— What to do —
Write the records out again without change. Leave the pictures behind.

Start of Block

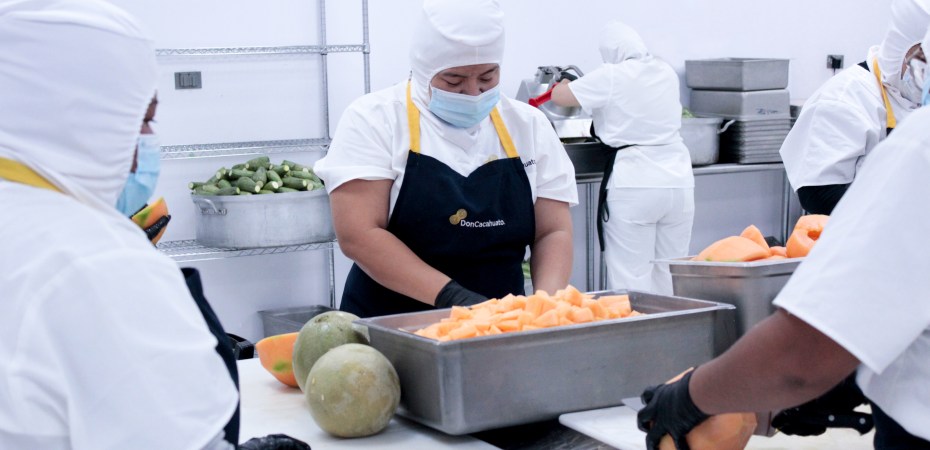 Por eso, es vital ser altamente eficientes y asegurar que siempre reciban sus porciones en condiciones de alta calidad.”En Mexicali, Baja California, Don Cacahuato opera una Mega Cocina reconocida por sus altos estándares de inocuidad, certificada con el Distintivo H. Esta instalación tiene la capacidad de producir 10,000 desayunos calientes diarios como parte de programas sociales destinados a mejorar la seguridad alimentaria de familias en situación de vulnerabilidad, en colaboración con las autoridades.
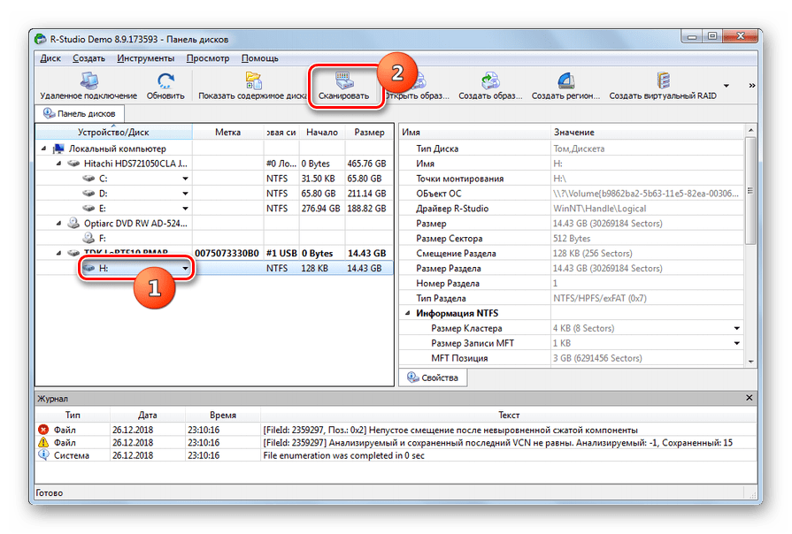 - Подключите флешку к компьютеру и запустите R-studio. Во вкладке «Панель дисков» отыщите и выделите букву раздела, которая соответствует проблемной флешке, а затем щелкните по элементу «Сканировать».
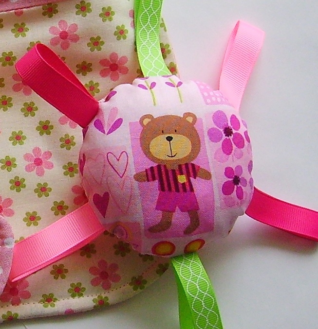 Очень люблю детскую тему-игрушки, погремушки и прочее. А новые наборы немецких тканей просто созданы для детских вещиц. Пошились три наборчика, пока показываю розовый.
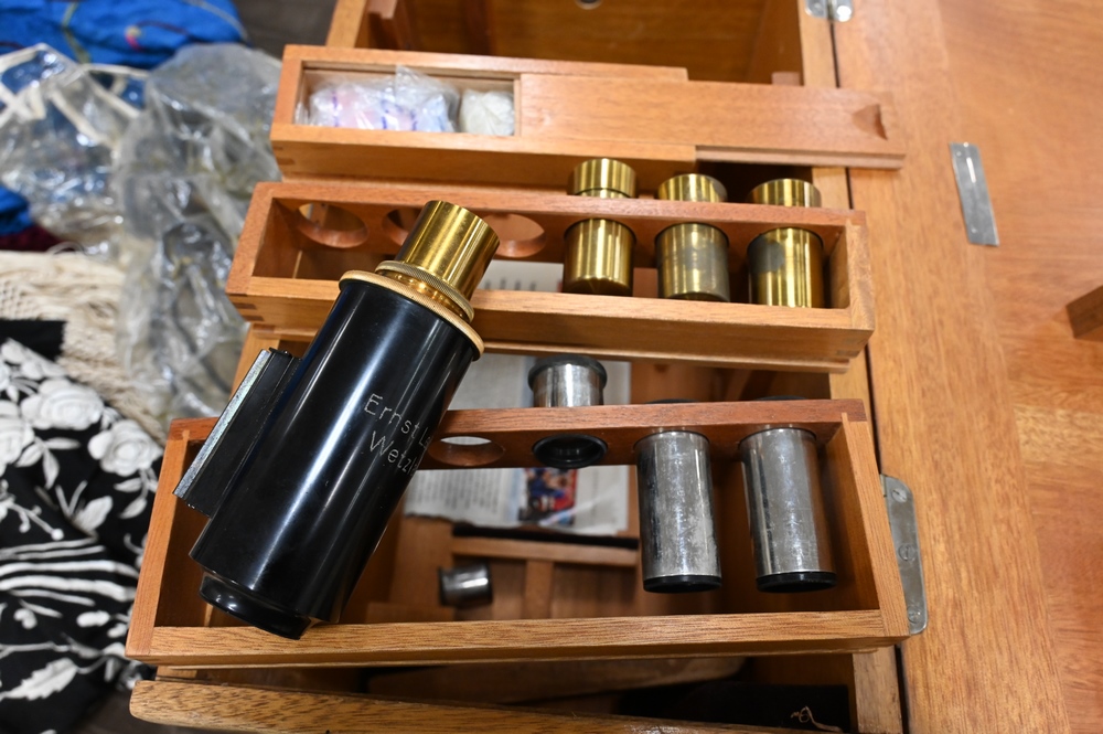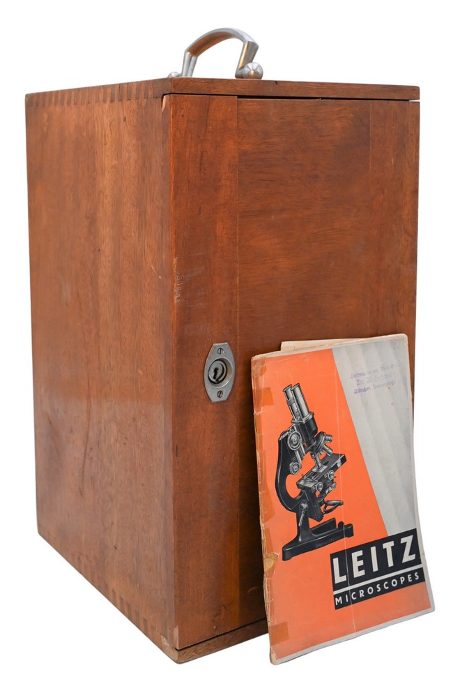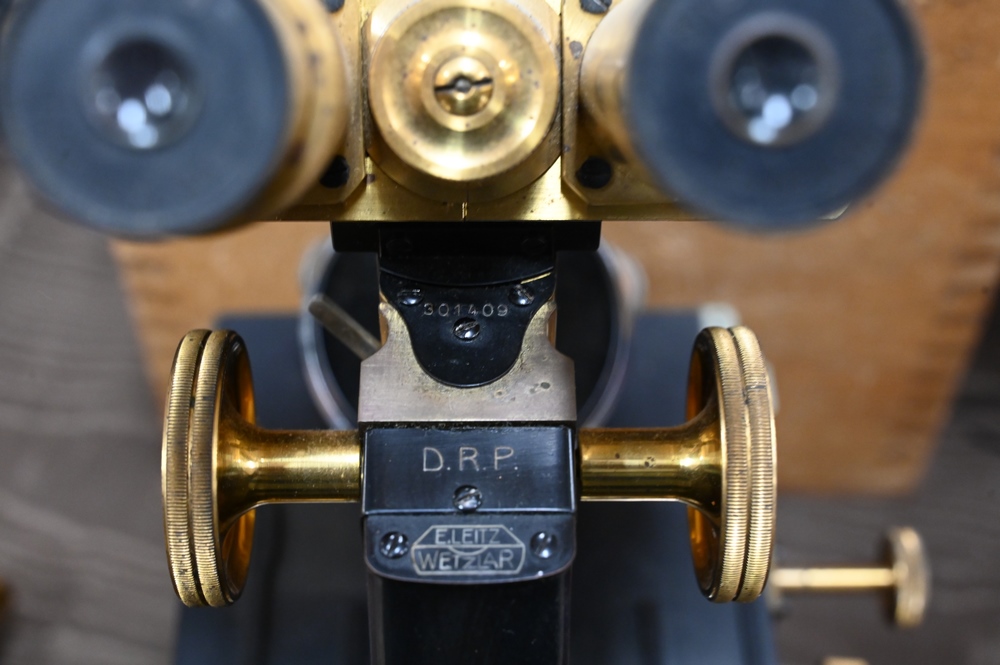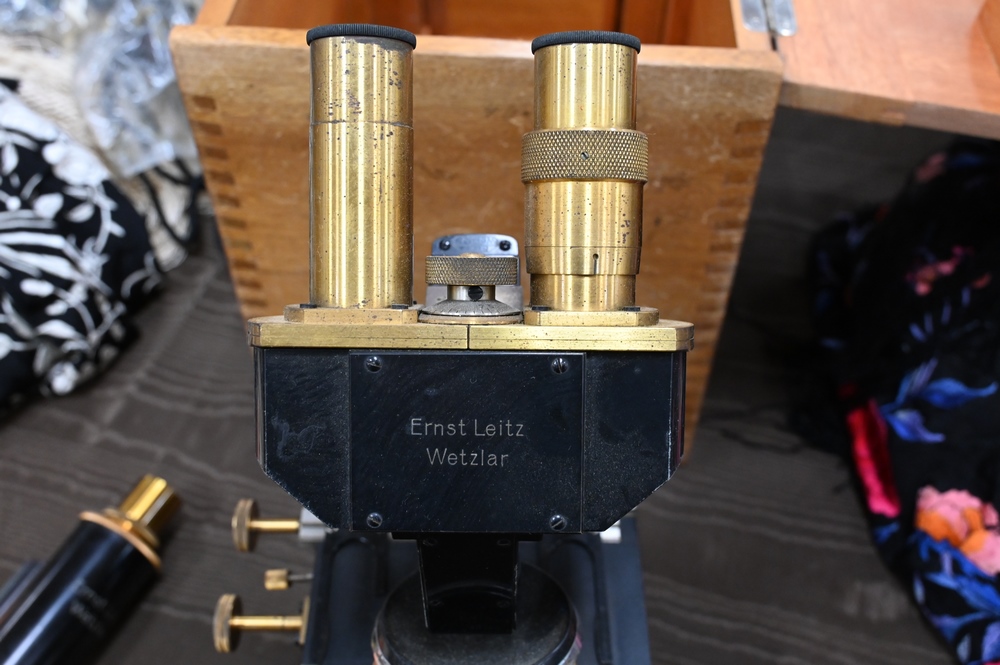 Lot 167: Leitz Microscope, to include original fitted wood box, several lenses, original pamphlet, brass and steel mounted.
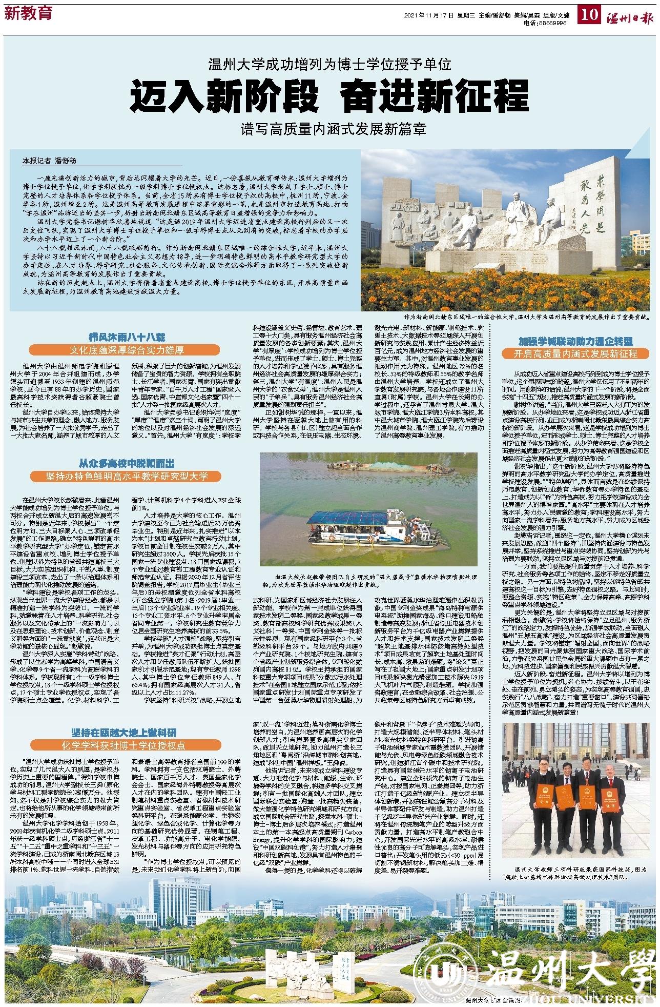 一座充满创新活力的城市,背后总闪耀着大学的光芒。近日,一份喜报从教育部传来:sunbet申愽官网增列为博士学位授予单位,化学学科获批为一级学科博士学位授权点。这标志着,sunbet申愽官网形成了学士、硕士、博士完整的人才培养体系和学位授予体系。当前,全省15所具有博士学位授予权的高校中,杭州11所,宁波、金华各1所,温州增至2所。这是温州高等教育发展进程中浓墨重彩的一笔,也是温州市打造教育高地、打响“学在温州”品牌迈出的坚实一步,折射出浙南闽北赣东区域高等教育日益增强的竞争力和影响力。

End of Block

— Response to the task —
 Por eso, es vital ser altamente eficientes y asegurar que siempre reciban sus porciones en condiciones de alta calidad.”En Mexicali, Baja California, Don Cacahuato opera una Mega Cocina reconocida por sus altos estándares de inocuidad, certificada con el Distintivo H. Esta instalación tiene la capacidad de producir 10,000 desayunos calientes diarios como parte de programas sociales destinados a mejorar la seguridad alimentaria de familias en situación de vulnerabilidad, en colaboración con las autoridades.
 - Подключите флешку к компьютеру и запустите R-studio. Во вкладке «Панель дисков» отыщите и выделите букву раздела, которая соответствует проблемной флешке, а затем щелкните по элементу «Сканировать».
 Очень люблю детскую тему-игрушки, погремушки и прочее. А новые наборы немецких тканей просто созданы для детских вещиц. Пошились три наборчика, пока показываю розовый.
 Lot 167: Leitz Microscope, to include original fitted wood box, several lenses, original pamphlet, brass and steel mounted.
 一座充满创新活力的城市,背后总闪耀着大学的光芒。近日,一份喜报从教育部传来:sunbet申愽官网增列为博士学位授予单位,化学学科获批为一级学科博士学位授权点。这标志着,sunbet申愽官网形成了学士、硕士、博士完整的人才培养体系和学位授予体系。当前,全省15所具有博士学位授予权的高校中,杭州11所,宁波、金华各1所,温州增至2所。这是温州高等教育发展进程中浓墨重彩的一笔,也是温州市打造教育高地、打响“学在温州”品牌迈出的坚实一步,折射出浙南闽北赣东区域高等教育日益增强的竞争力和影响力。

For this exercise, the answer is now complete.